Der_Einzige · on June 9, 2023

If we don't fix up issues caused by the tokenizers, than techniques which literally remove superfluous computation (i.e. through filters of the LLM probability distribution) are useful as a stop-gap.

Switching to bytes is the ultimate fix, but for the interim, if you want reliable rhyming with an LLM, you need filter-assisted decoding: https://paperswithcode.com/paper/most-language-models-can-be... and replicas post about this work: https://replicate.com/blog/turn-your-llm-into-a-poet

nsinreal · on June 8, 2023

Yes, but how much extra layers and computing power do you need? Of course, phonetic tokens are awkward idea, but there is a reason why word "human" is encoded as only one token.

spywaregorilla · on June 8, 2023

I don't think that is intuitive at all. "Clever feature engineering" like trying to create columns from calculations of tabular data, sure. You're not going to move the needle. But the basic representation of unstructured data like text could very believably alter the need for parameters, layers, and calculation speed by orders of magnitude.

ftxbro · on June 8, 2023

> "I don't think that is intuitive at all."

That's exactly the point. Every intuition is always on the side of feature engineering.

spywaregorilla · on June 11, 2023

Not really.

whimsicalism · on June 8, 2023

You would be wrong at the scales we are talking about.

The whole point is that it is unintuitive.

yorwba · on June 9, 2023

If you replace a tokenizer with 5 bytes per token on average by a byte-level representation, you now need 5 times as much memory and (depending on the specifics of the attention mechanism) 11 to 25 times as much compute.

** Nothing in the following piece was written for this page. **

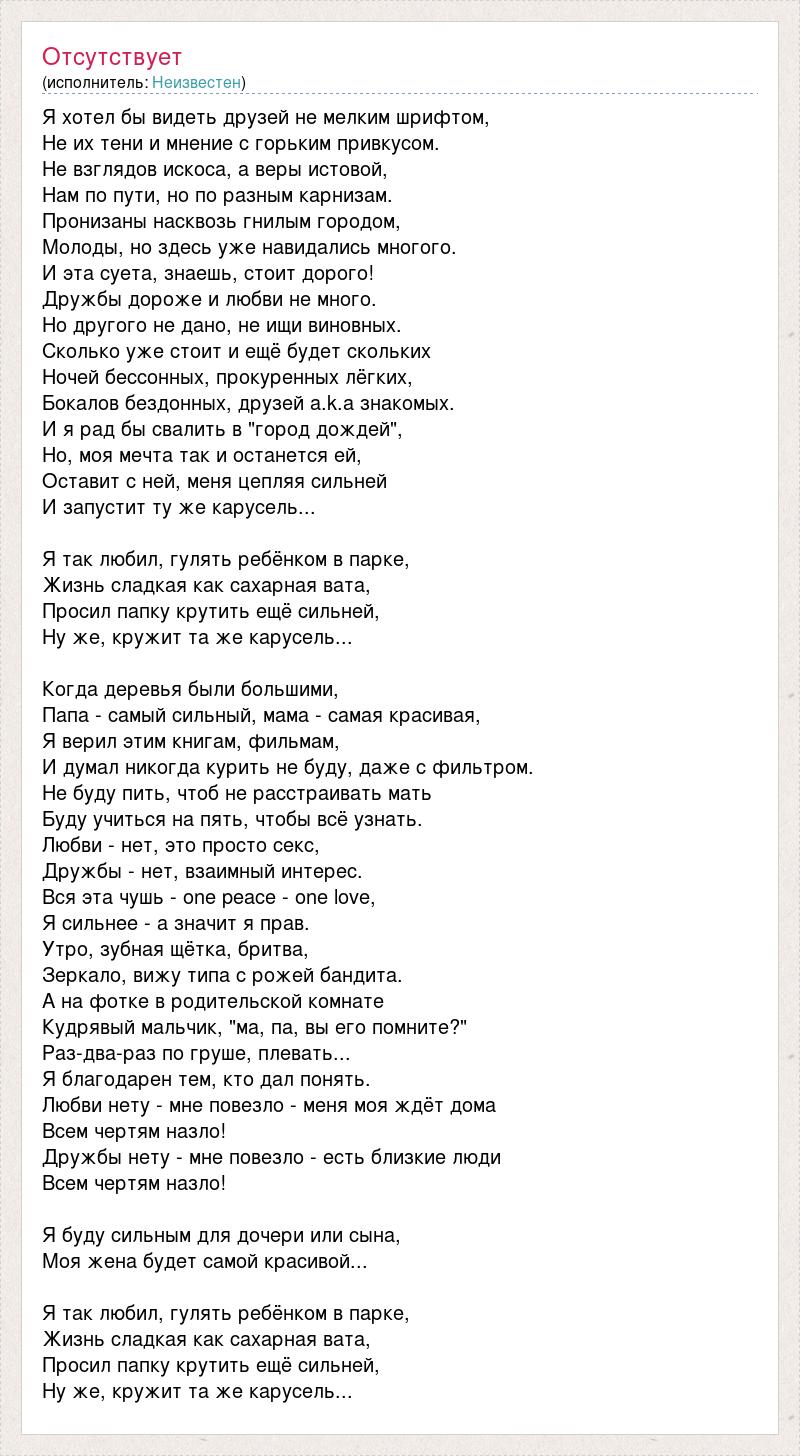 Я хотел бы видеть друзей не мелким шрифтом, Не их тени и мнение с горьким привкусом. Не взглядов искоса, а веры истовой, Нам по пути, но по разным карнизам. Пронизаны насквозь гнилым городом, Молоды, но здесь уже навидались многого. И эта суета, знаешь, стоит дорого! Дружбы дороже и любви не много. Но другого не дано, не ищи виновных. Сколько уже стоит и ещё будет скольких Ночей бессонных, прокуренных лёгких, Бокалов бездонных, друзей а.k.а знакомых. И я рад бы свалить в "город дождей", Но, моя мечта так и останется ей, Оставит с ней, меня цепляя сильней И запустит ту же карусель... Я так любил, гулять ребёнком в парке, Жизнь сладкая как сахарная вата, Просил папку крутить ещё сильней, Ну же, кружит та же карусель... Когда деревья были большими, Папа - самый сильный, мама - самая красивая, Я верил этим книгам, фильмам, И думал никогда курить не буду, даже с фильтром. Не буду пить, чтоб не расстраивать мать Буду учиться на пять, чтобы всё узнать. Любви - нет, это просто секс, Дружбы - нет, взаимный интерес. Вся эта чушь - one peace - one love, Я сильнее - а значит я прав. Утро, зубная щётка, бритва, Зеркало, вижу типа с рожей бандита. А на фотке в родительской комнате Кудрявый мальчик, "ма, па, вы его помните?" Раз-два-раз по груше, плевать... Я благодарен тем, кто дал понять. Любви нету - мне повезло - меня моя ждёт дома Всем чертям назло! Дружбы нету - мне повезло - есть близкие люди Всем чертям назло! Я буду сильным для дочери или сына, Моя жена будет самой красивой... Я так любил, гулять ребёнком в парке, Жизнь сладкая как сахарная вата, Просил папку крутить ещё сильней, Ну же, кружит та же карусель...

At the scales we're talking about, that's quite a hefty price to pay, and it doesn't even take into account that you might need more layers to replace the processing that was implicitly done by the tokenizer.

sp332 · on June 8, 2023

Most current implementations can't count syllables at all, so it would get you at least that far.

jcims · on June 9, 2023

I think that’s part of the reason I would love to see somebody try it, because intuitively I think it would make a difference, but it may not.

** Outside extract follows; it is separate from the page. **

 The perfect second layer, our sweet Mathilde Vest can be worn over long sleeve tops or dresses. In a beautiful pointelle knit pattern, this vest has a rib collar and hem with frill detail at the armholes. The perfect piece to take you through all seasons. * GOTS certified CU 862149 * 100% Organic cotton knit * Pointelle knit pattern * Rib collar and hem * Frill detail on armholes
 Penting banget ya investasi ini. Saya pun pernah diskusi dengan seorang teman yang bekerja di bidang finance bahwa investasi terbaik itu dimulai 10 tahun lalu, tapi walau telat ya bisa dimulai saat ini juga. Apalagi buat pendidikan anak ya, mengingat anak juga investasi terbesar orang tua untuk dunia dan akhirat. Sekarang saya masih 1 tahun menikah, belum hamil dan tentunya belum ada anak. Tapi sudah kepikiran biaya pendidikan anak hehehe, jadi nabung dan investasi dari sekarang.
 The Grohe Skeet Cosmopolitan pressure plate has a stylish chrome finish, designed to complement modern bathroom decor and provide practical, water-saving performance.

To me it’s like changing the periodic table, at the macroscopic scale it may or may not make a difference.

zecg · on June 11, 2023

> I think that’s part of the reason I would love to see somebody try it, because intuitively I think it would make a difference, but it may not.

The crazy thing is it's already solved. YC should just spin a subreddit.ycombinator.com for each one, there's a nice search that works and some very nice apps for reading. What the reddit shareholders are about to buy is incredibly fragile and the management is fucking with it so much it's obvious they only care about the payola.

Der_Einzige · on June 9, 2023

I agree with you, and I'm SHOCKED at how little work there actually is in phonetics within the NLP community. Consider that most of the phonetic tools that I am using to enforce rhyming or similar syntactic constrained in constrained text generation studio (https://github.com/Hellisotherpeople/Constrained-Text-Genera...) were built circa 2014, such as the CMU rhyming dictionary. In most cases, I could not find better modern implementations of these tools.

I did learn an awful lot about phonetic representations and matching algorithms. Things like "soundex" and "double metaphone" now make sense to me and are fascinating to read about.

chaxor · on June 9, 2023

Probably better to skip that and go for characters or bytes, since it can simply learn morphemes or phonemes from the smallest structure available. Alas, the context size problem is the main pressure against this.

bpiche · on June 8, 2023

spacy's sense2vec gets pretty close to that

https://spacy.io/universe/project/sense2vec/

granted, it is 8 years old, but it's still interesting

justanotheratom · on June 9, 2023

I wonder what Whisper's token vocabulary looks (sounds) like..

LudwigNagasena · on June 9, 2023

What do you mean by phonetic representation? Sound files?

ajuc · on June 9, 2023

Something like IPA probably. Some languages are already basically phonetic so you don't need to change anything.